Question

The ratio in which the midpoint of A(0, 6) and B(12, 12) divides the points of trisection of the line AB is .

• A. 1:1
• B. 1:2
• C. 2:1

Answer 1

The correct option is A 1:1

Let the points of trisection of the line segment AB be P(x,y) and Q(h,k)
$\therefore AP=PQ=QB$

$\Rightarrow AP:PB=1:2$

We know, by section formula, that the coordinates of the point that divides a line in the ratio m : n is,

$(\frac{(n\times x_1+m\times x_2)}{m+n},(\frac{(n\times y_1+m\times y_2)}{m+n})$

where $(x_1,y_1)and(x_2,y_2)$ are the coordinates of the endpoints of the line segment.
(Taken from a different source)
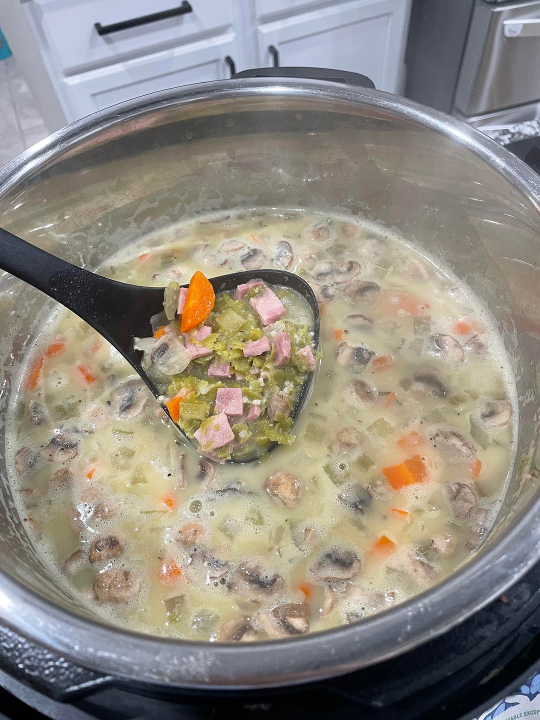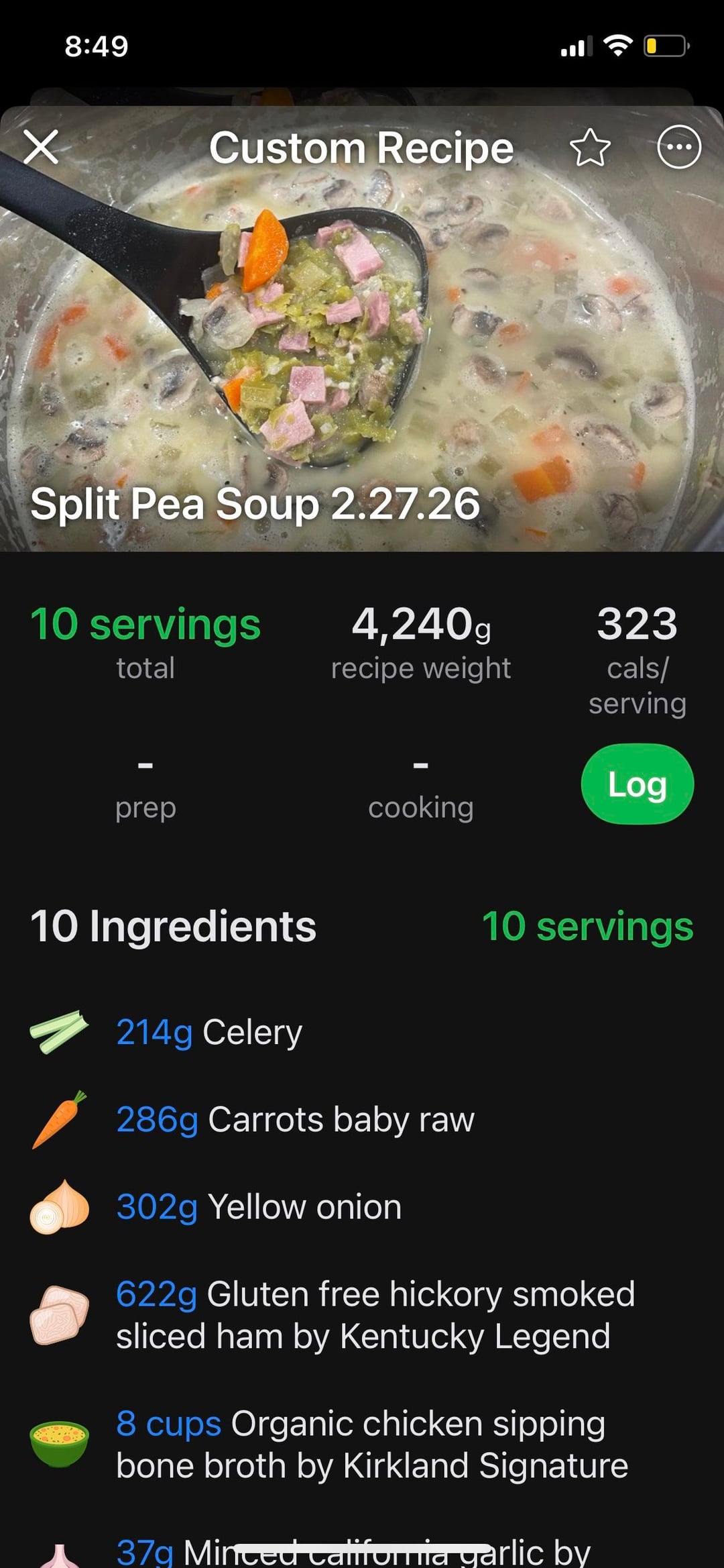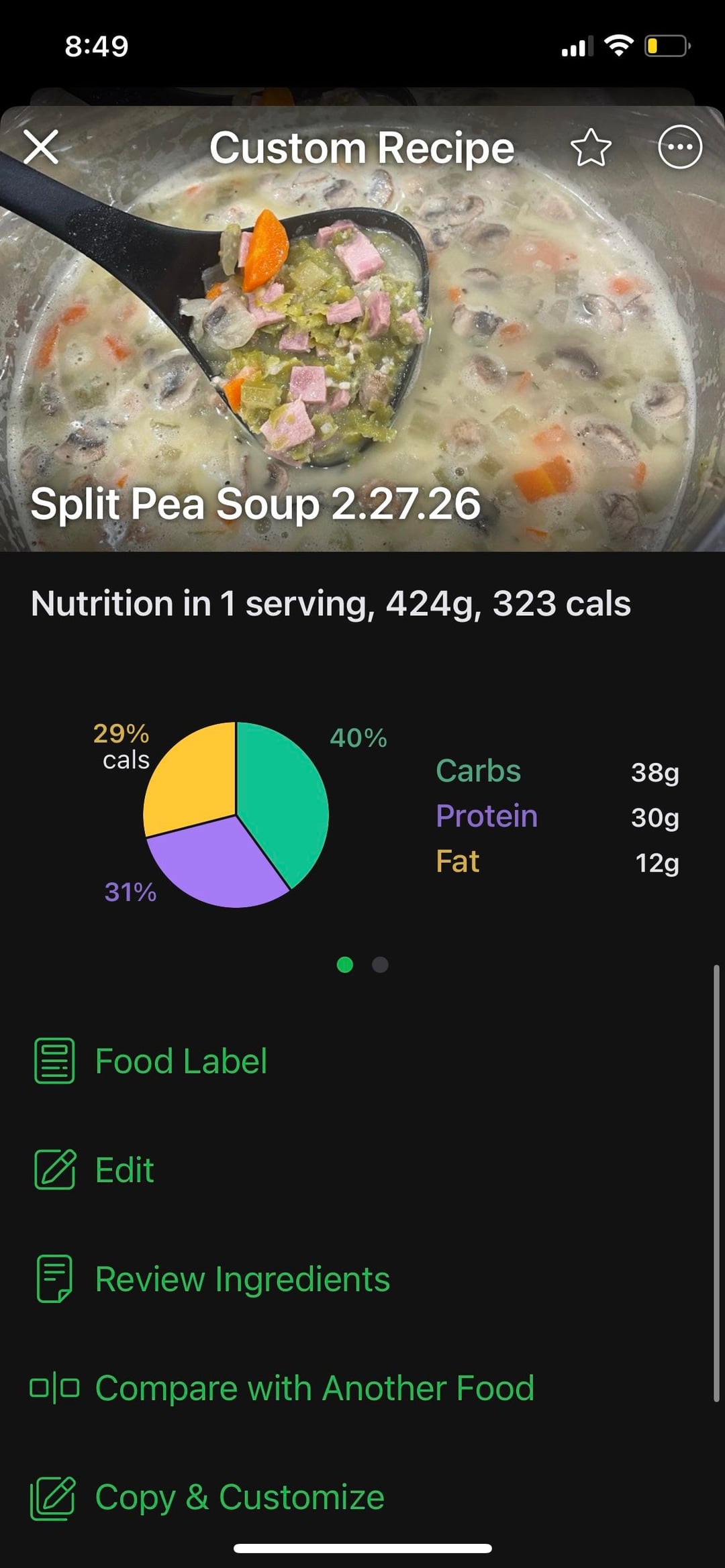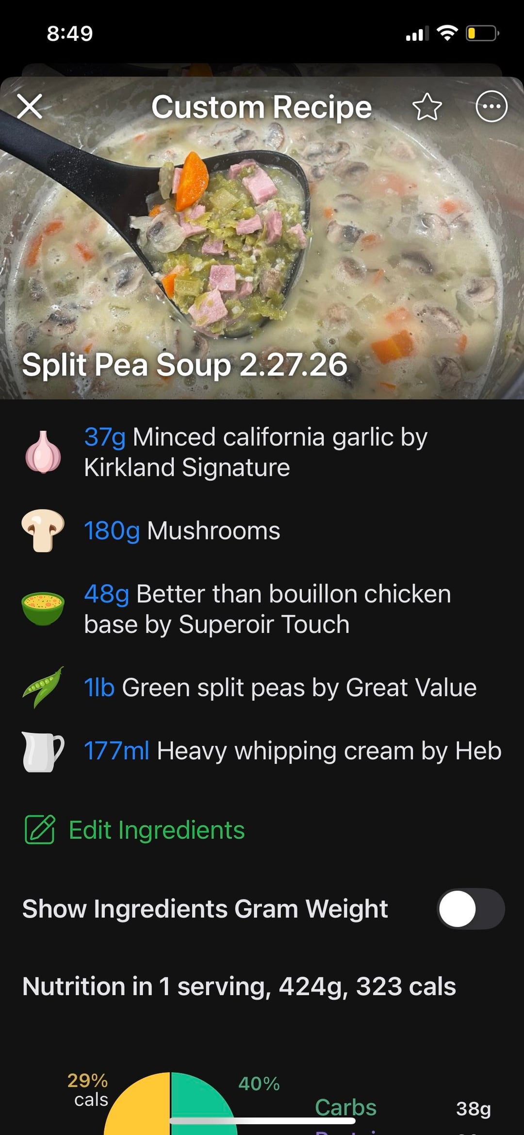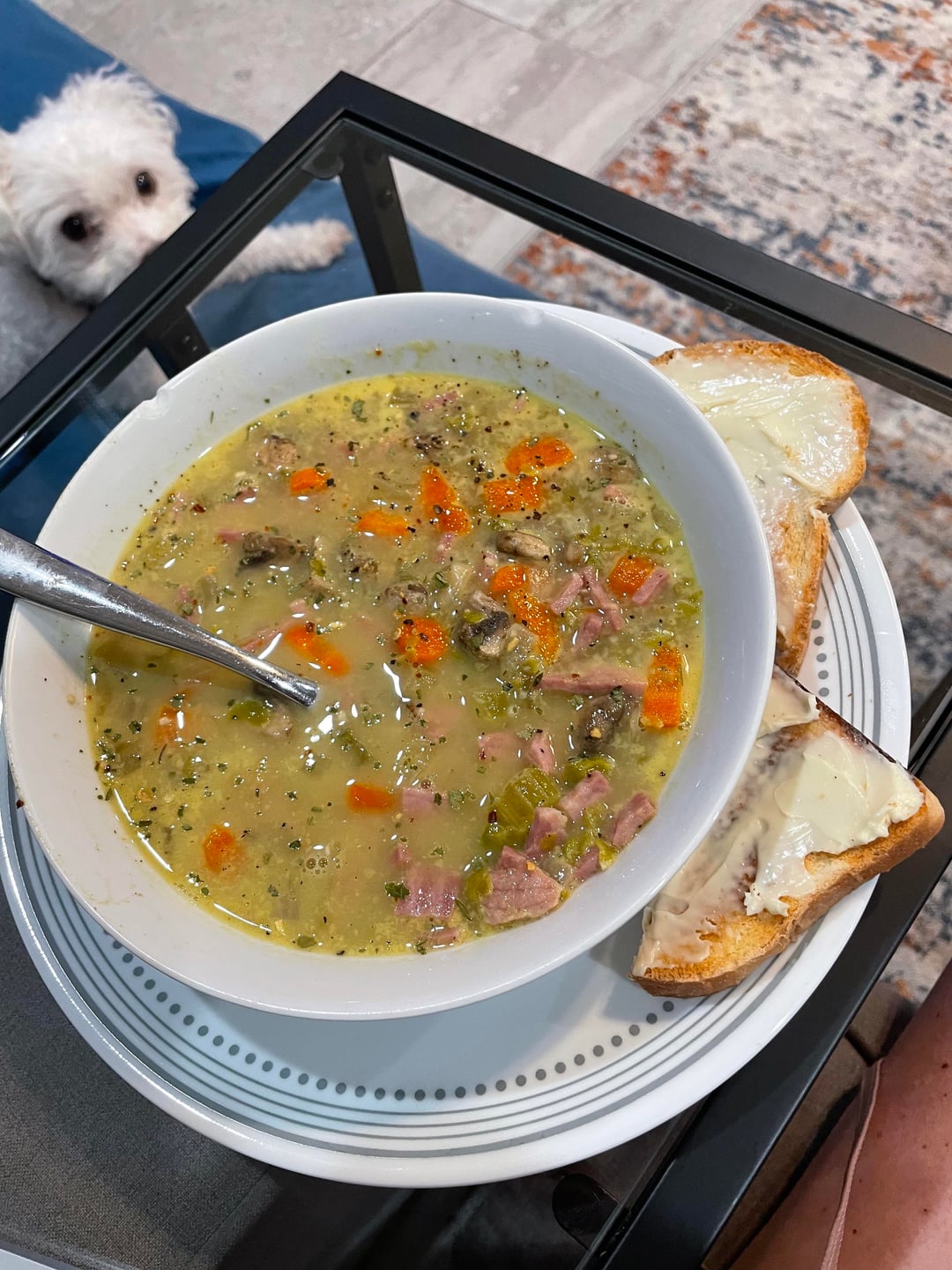 Dinner: Split Pea Soup with toast and a light laughing cow spread.

$\Rightarrow x=\frac{2\left(0\right)+1\left(12\right)}{1+2}=\frac{0+12}{3}=\frac{12}{3}=4$
$\Rightarrow y=\frac{2\left(6\right)+1\left(12\right)}{1+2}=\frac{12+12}{3}=\frac{24}{3}=8$
$\therefore P\equiv (4,8)$

$\Rightarrow AQ:QB=2:1$
$\Rightarrow h=\frac{1\left(0\right)+2\left(12\right)}{1+2}=\frac{0+24}{3}=\frac{24}{3}=8$
$\Rightarrow k=\frac{1\left(6\right)+2\left(12\right)}{1+2}=\frac{6+24}{3}=\frac{30}{3}=10$
$\therefore Q\equiv (8,10)$

Let the midpoint of AB be C(a,b)
$\therefore AC=CB$
$\Rightarrow a=\frac{1\left(0\right)+1\left(12\right)}{1+1}=\frac{0+12}{2}=\frac{12}{2}=6$
$\Rightarrow b=\frac{1\left(6\right)+1\left(12\right)}{1+1}=\frac{6+12}{2}=\frac{18}{2}=9$
$\therefore C\equiv (6,9)$

Let PC : CQ = k : 1

$6=\frac{8k+4}{k+1}$
$6(k+1)=(8k+4)$
$6k-8k=4-6$
$-2k=-2$
$k=1$
$\therefore$ The required ratio is 1 : 1 i.e., the mid point of AB is also the midpoint of PQ.